→ **WORK INSTRUCTION**:
Your job with the data below: print everything from the line that holds "Стартовали продажи новых" down to the line that holds "VINTAGE WOOD CARVED", ends included, exactly, and nothing else.

→ **DATA PROVIDED**:
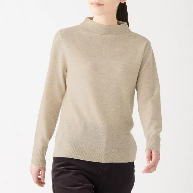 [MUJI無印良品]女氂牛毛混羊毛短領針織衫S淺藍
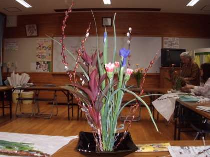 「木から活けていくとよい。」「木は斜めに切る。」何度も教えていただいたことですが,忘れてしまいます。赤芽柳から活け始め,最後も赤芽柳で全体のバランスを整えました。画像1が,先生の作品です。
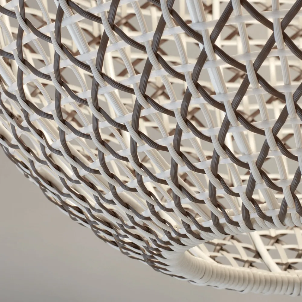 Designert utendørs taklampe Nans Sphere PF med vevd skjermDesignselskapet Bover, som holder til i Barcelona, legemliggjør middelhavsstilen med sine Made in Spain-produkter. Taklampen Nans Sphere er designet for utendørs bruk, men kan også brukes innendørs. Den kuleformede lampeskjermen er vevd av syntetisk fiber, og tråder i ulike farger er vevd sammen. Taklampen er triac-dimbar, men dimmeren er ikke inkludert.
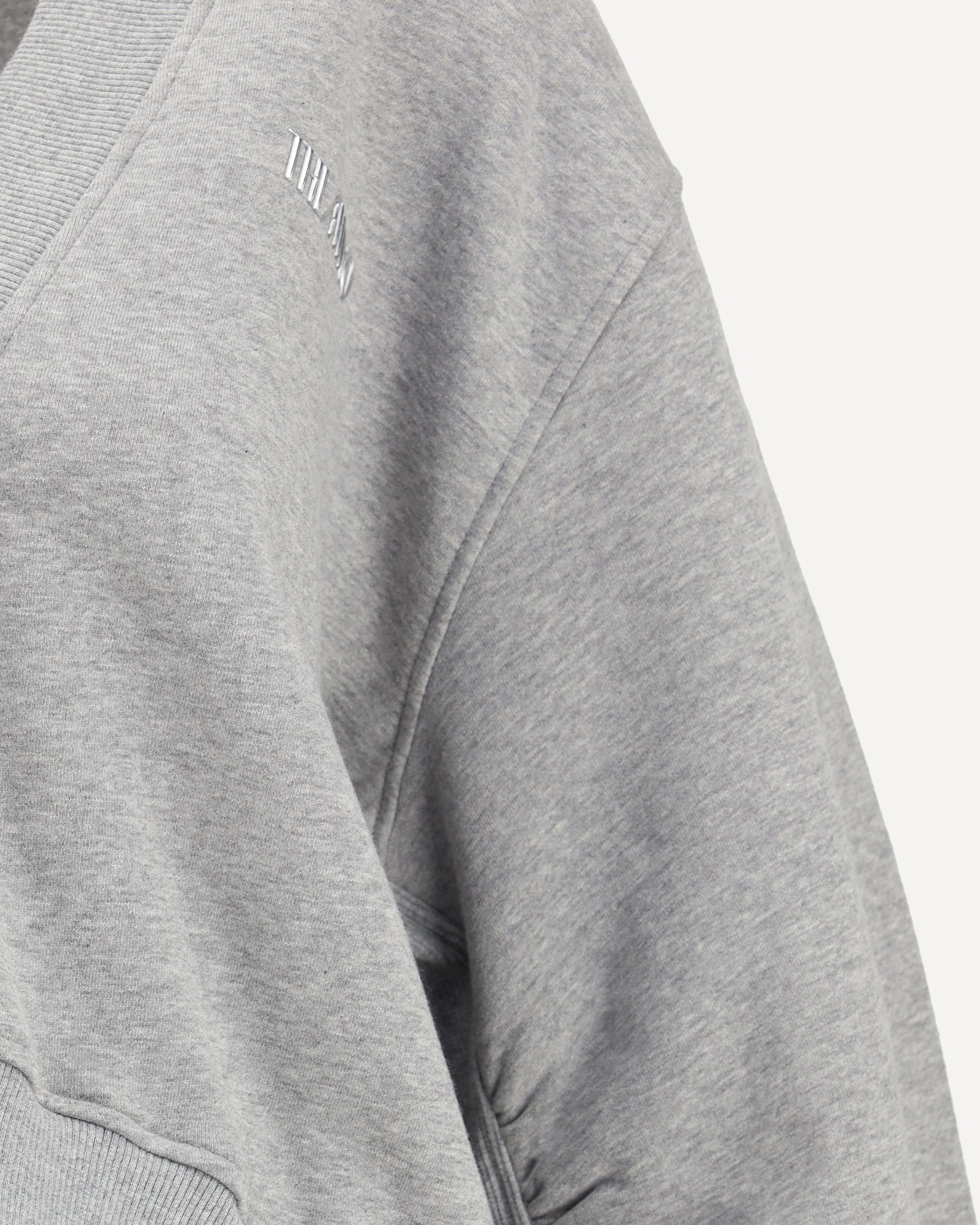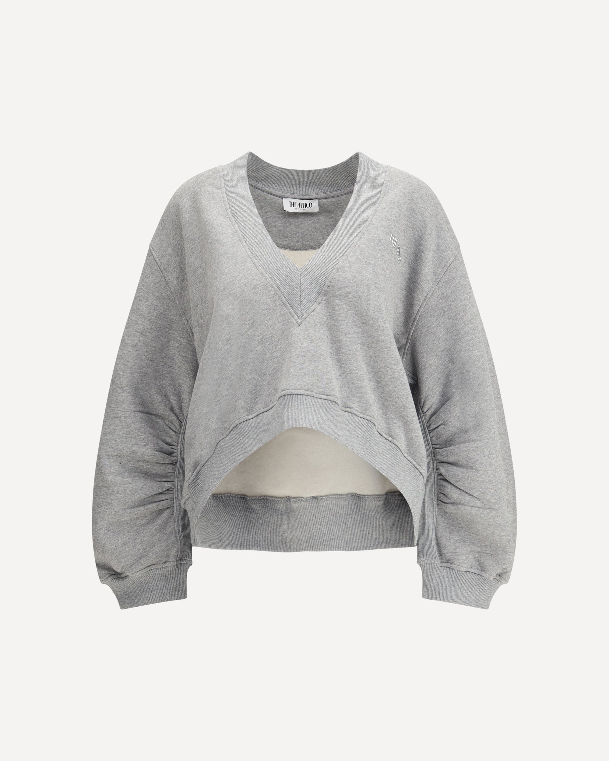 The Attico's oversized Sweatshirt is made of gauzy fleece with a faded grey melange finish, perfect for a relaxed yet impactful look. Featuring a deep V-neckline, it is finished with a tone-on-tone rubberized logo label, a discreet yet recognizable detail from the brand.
...
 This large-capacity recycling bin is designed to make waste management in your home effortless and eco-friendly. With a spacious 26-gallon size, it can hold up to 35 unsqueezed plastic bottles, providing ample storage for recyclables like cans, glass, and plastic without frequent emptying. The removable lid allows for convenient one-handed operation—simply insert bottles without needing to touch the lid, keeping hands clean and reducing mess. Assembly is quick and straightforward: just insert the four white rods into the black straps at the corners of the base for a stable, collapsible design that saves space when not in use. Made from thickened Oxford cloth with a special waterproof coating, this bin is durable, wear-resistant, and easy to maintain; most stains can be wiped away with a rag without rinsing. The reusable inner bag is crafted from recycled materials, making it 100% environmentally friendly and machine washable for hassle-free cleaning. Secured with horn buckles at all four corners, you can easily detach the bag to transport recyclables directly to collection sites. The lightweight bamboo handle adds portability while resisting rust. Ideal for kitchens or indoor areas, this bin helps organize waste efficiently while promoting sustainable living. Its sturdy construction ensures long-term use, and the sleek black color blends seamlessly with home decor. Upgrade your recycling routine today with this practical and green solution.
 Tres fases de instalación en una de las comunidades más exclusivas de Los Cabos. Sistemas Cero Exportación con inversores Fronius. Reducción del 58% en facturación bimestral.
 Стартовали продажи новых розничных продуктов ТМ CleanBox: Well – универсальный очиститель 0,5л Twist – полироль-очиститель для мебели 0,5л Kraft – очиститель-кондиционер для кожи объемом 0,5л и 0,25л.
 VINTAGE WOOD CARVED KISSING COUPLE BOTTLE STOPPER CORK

→ **YOUR SOLUTION**:
 Стартовали продажи новых розничных продуктов ТМ CleanBox: Well – универсальный очиститель 0,5л Twist – полироль-очиститель для мебели 0,5л Kraft – очиститель-кондиционер для кожи объемом 0,5л и 0,25л.
 VINTAGE WOOD CARVED KISSING COUPLE BOTTLE STOPPER CORK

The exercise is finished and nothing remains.